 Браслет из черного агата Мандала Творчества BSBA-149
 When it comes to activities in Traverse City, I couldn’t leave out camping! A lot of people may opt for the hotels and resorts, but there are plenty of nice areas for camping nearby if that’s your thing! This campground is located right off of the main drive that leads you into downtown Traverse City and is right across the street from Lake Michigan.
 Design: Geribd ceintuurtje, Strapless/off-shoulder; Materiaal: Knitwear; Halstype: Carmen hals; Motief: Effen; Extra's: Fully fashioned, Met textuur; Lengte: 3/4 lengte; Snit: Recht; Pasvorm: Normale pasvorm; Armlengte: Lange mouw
:::
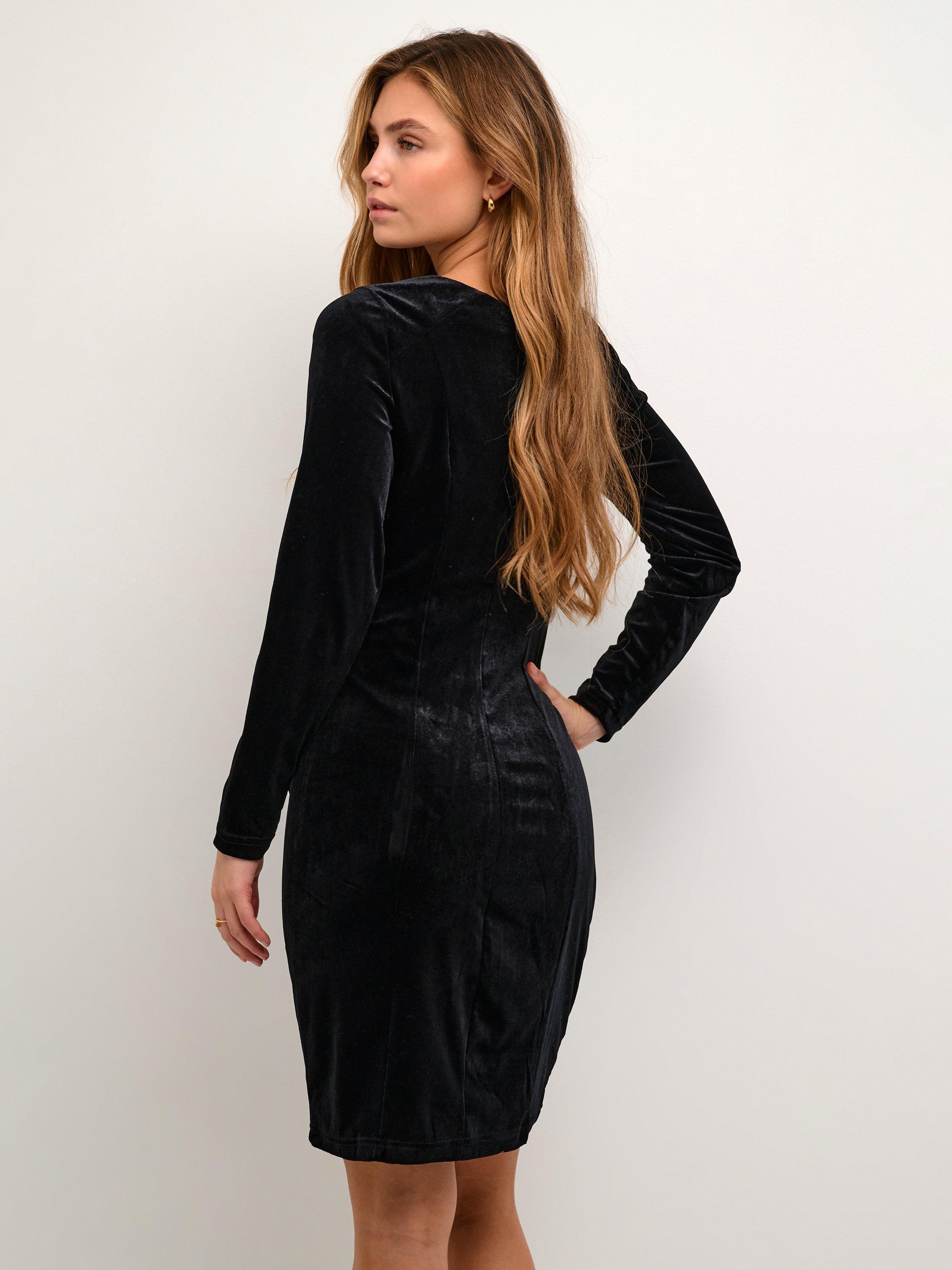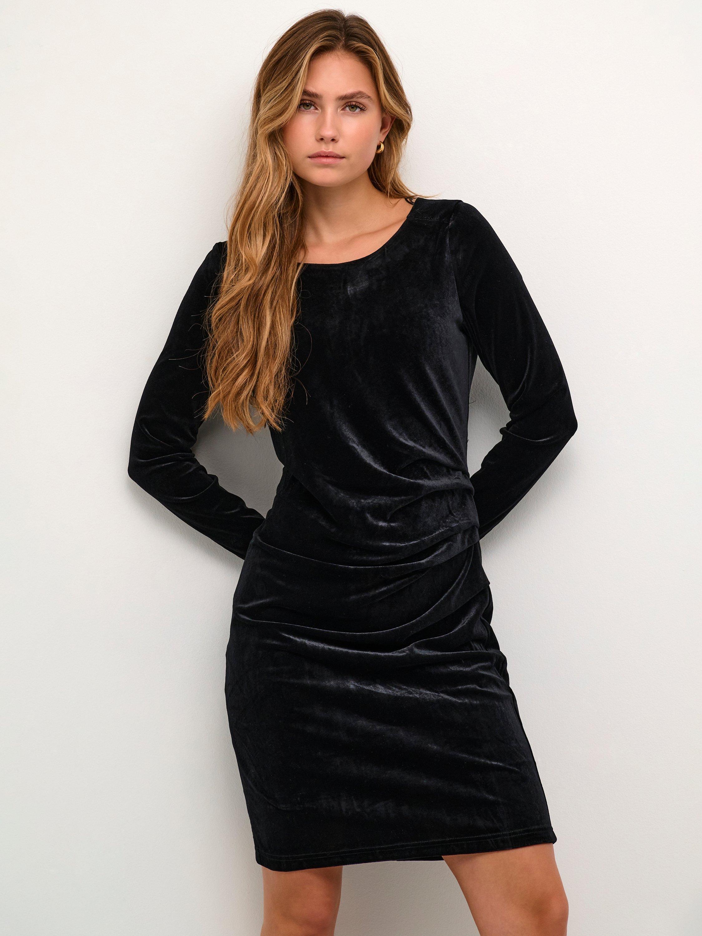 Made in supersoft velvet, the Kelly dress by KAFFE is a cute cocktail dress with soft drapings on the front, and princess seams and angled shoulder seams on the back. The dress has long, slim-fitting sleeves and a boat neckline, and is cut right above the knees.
:::
TASK DETAILS
Beginning with the line holding "Браслет из черного" and ending with the line holding "When it comes", write out the stretch of material above exactly; add no further lines.

ANSWER SECTION
 Браслет из черного агата Мандала Творчества BSBA-149
 When it comes to activities in Traverse City, I couldn’t leave out camping! A lot of people may opt for the hotels and resorts, but there are plenty of nice areas for camping nearby if that’s your thing! This campground is located right off of the main drive that leads you into downtown Traverse City and is right across the street from Lake Michigan.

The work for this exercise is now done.